# Brahmagupta's Formula

## Theorem

The area of a cyclic quadrilateral with sides of lengths $a, b, c, d$ is:

$\sqrt{\left({s - a}\right) \left({s - b}\right) \left({s - c}\right) \left({s - d}\right)}$

where $s$ is the semiperimeter:

$s = \dfrac{a + b + c + d} 2$

### Corollary

The area of a cyclic quadrilateral with sides of lengths $a, b, c, d$ is:

$\dfrac{\sqrt{\left({a^2 + b^2 + c^2 + d^2}\right)^2 + 8 a b c d - 2 \left({a^4 + b^4 + c^4 + d^4}\right)}} 4$

## Proof

Let $ABCD$ be a cyclic quadrilateral with sides $a, b, c, d$.

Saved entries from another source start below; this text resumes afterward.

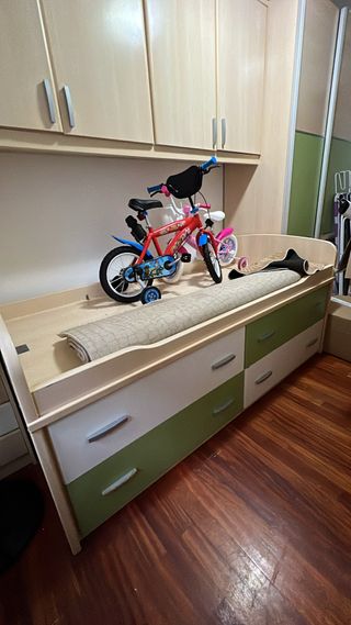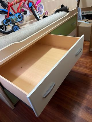 Cama individual de 90cm con un diseño moderno y funcional. - Combina acabados en beige y verde. - Estructura principal de madera. Recogida y desmontaje a cargo del comprador
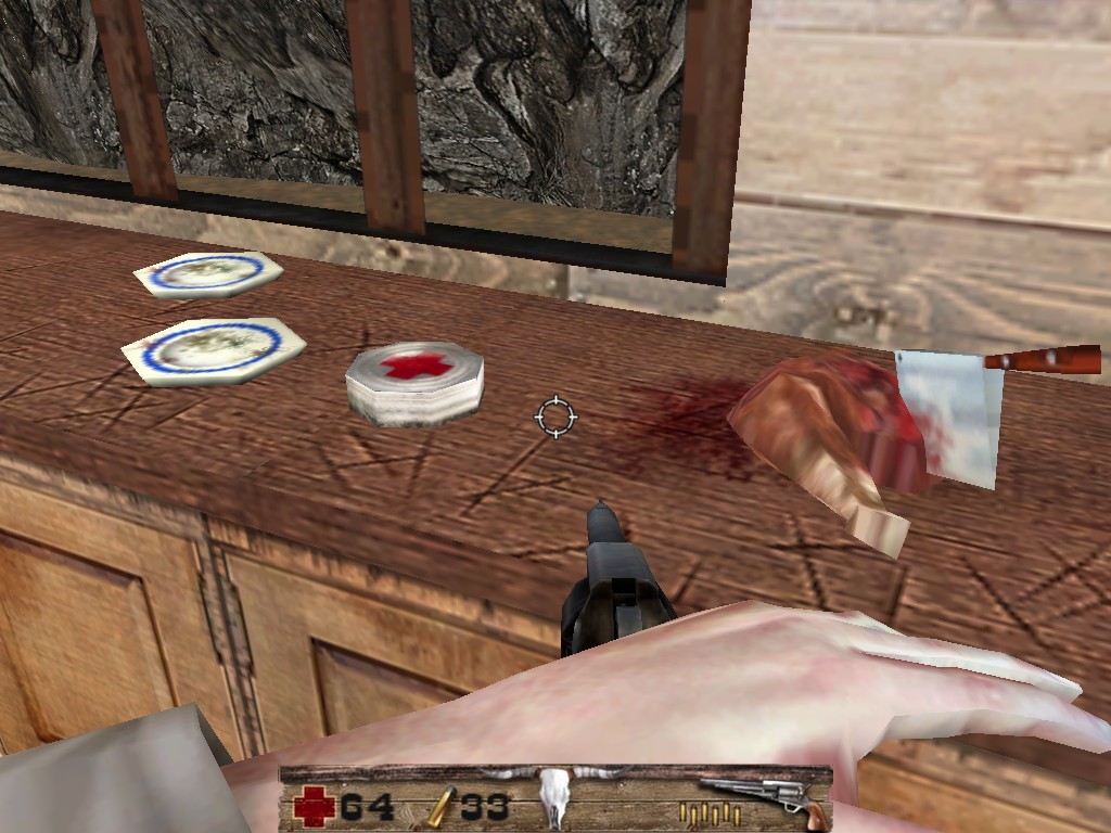 Если же говорить об экшен-составляющей Western Outlaw в целом, то проще всего охарактеризовать происходящее на экране термином «обычный бюджетный шутер». Каких-то «хитрых» игровых механик вроде замедления времени либо уничтожения противников с помощью объектов окружающей обстановки авторами не предусмотрено. В свою очередь, разновидностей врагов в Wanted Dead or Alive немного – примерно четыре типа «пеших» бандитов плюс всадники, встречающиеся на паре этапов. При этом «пехотинцы» различаются исключительно внешностью и вооружением, – основная масса оппонентов вооружена пистолетами, в то время как отдельные личности предпочитают дробовики и винчестеры. Поведение же всех бандитов абсолютно одинаково – они стоят на месте и стреляют либо бегут в сторону протагониста, а приблизившись, атакуют. При этом «стационарные» злодеи иногда пользуются укрытиями или даже высовываются из-за угла. Также некоторые супостаты, получив урон, отбегают от игрока на небольшое расстояние – видимо, для того чтобы собраться с силами и перевести дух. Единственной же интересной чертой врагов является то обстоятельство, что количество пуль в их оружии ограничено и, расстреляв весь боезапас, оппоненты начинают честно перезаряжаться, на чем их можно «подловить». На этом разговор о рядовых противниках можно было бы и завершить, кабы не «оригинальная» находка разработчиков. Дело в том, что отдельные вражеские бойцы обладают повышенным здоровьем и/или уникальным оружием, а пару раз Страннику доведется посетить локации, населенные бессмертными бандитами. От последних придется удирать, оперативно подбирая разбросанные авторами аптечки.
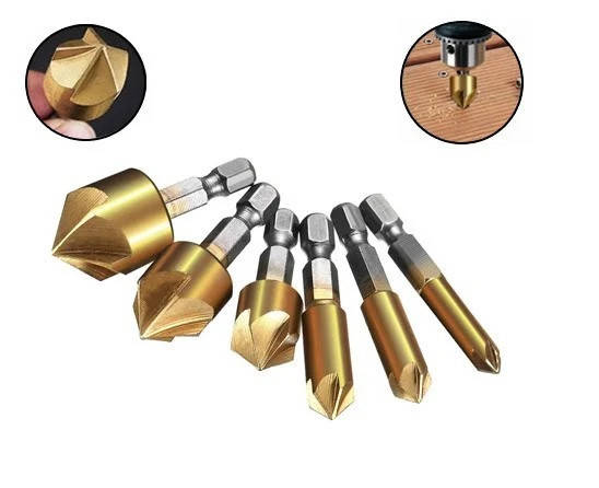 Набор из 6 сверл с зенковкой для обработки отверстий, снятия фасок, работ с пластиком, деревом, алюминием и другими не твердыми металлами.

Area of $ABCD$ = Area of $\triangle ABC$ + Area of $\triangle ADC$

 $\displaystyle \triangle ABC$ $=$ $\displaystyle \frac 1 2 ab \sin \angle ABC$ $\displaystyle \triangle ADC$ $=$ $\displaystyle \frac 1 2 cd \sin \angle ADC$

From Opposite Angles of Cyclic Quadrilateral sum to Two Right Angles, $\angle ABC + \angle ADC$ equals two right angles, that is, are supplementary.

Hence we have:

 $\displaystyle \sin \angle ABC$ $=$ $\displaystyle \sin \angle ADC$ Sine and Cosine of Supplementary Angles $\displaystyle \cos \angle ABC$ $=$ $\displaystyle -\cos \angle ADC$ Sine and Cosine of Supplementary Angles

 $\displaystyle \text {Area}$ $=$ $\displaystyle \frac 1 2 ab \sin \angle ABC + \frac 1 2 cd \sin \angle ABC$ $\displaystyle \implies \ \$ $\displaystyle \left({\text {Area} }\right)^2$ $=$ $\displaystyle \frac 1 4 \left({ab + cd}\right) \sin^2 \angle ABC$ $\displaystyle \implies \ \$ $\displaystyle 4 \left({\text {Area} }\right)^2$ $=$ $\displaystyle \left({ab + cd}\right) \left({1 - \cos^2 \angle ABC}\right)$ Sum of Squares of Sine and Cosine $\displaystyle$ $=$ $\displaystyle \left({ab + cd}\right) - \cos^2 \angle ABC \left({ab + cd}\right)$

Applying the Law of Cosines for $\triangle ABC$ and $\triangle ADC$ and equating the expressions for side $AC$:

$a^2 + b^2 - 2a b \cos \angle ABC = c^2 + d^2 - 2cd \cos \angle ADC$

From the above:

$\cos \angle ABC = -\cos \angle ADC$

Hence:

$2 \cos \angle ABC \left({ab + cd}\right) = a^2 + b^2 - c^2 - d^2$

Substituting this in the above equation for the area:

 $\displaystyle 4 \left({\text {Area} }\right)^2$ $=$ $\displaystyle \left({ab + cd}\right)^2 - \frac 1 4 \left({a^2 + b^2 - c^2 - d^2}\right)^2$ $\displaystyle \implies \ \$ $\displaystyle 16 \left({\text {Area} }\right)^2$ $=$ $\displaystyle 4 \left({ab + cd}\right)^2 - \left({a^2 + b^2 - c^2 - d^2}\right)^2$

This is of the form $x^2 - y^2$.

Hence, by Difference of Two Squares, it can be written in the form $(x+y)(x-y)$ as:

 $\displaystyle$  $\displaystyle \left({2 \left({ab + cd}\right) + a^2 + b^2 - c^2 - d^2}\right) \left({2 \left({ab + cd}\right) - a^2 - b^2 + c^2 + d^2}\right)$ $\displaystyle$ $=$ $\displaystyle \left({\left({a + b}\right)^2 - \left({c - d}\right)^2}\right) \left({\left({c + d}\right)^2 - \left({a - b}\right)^2}\right)$ $\displaystyle$ $=$ $\displaystyle \left({a + b + c - d}\right) \left({a + b + d - c}\right) \left({a + c + d - b}\right) \left({b + c + d - a}\right)$

When we introduce the expression for the semiperimeter:

$\displaystyle s = \frac {a + b + c + d} 2$

the above converts to:

$16 \left({\text {Area}}\right)^2 = 16 \left({s - a}\right) \left({s - b}\right) \left({s - c}\right) \left({s - d}\right)$

Taking the square root:

$\text {Area} = \sqrt{\left({s - a}\right) \left({s - b}\right) \left({s - c}\right) \left({s - d}\right)}$

$\blacksquare$

## Also see

• This formula is a generalization of Heron's Formula for the area of a triangle, which can be obtained from this by setting $d = 0$.

## Source of Name

This entry was named for Brahmagupta.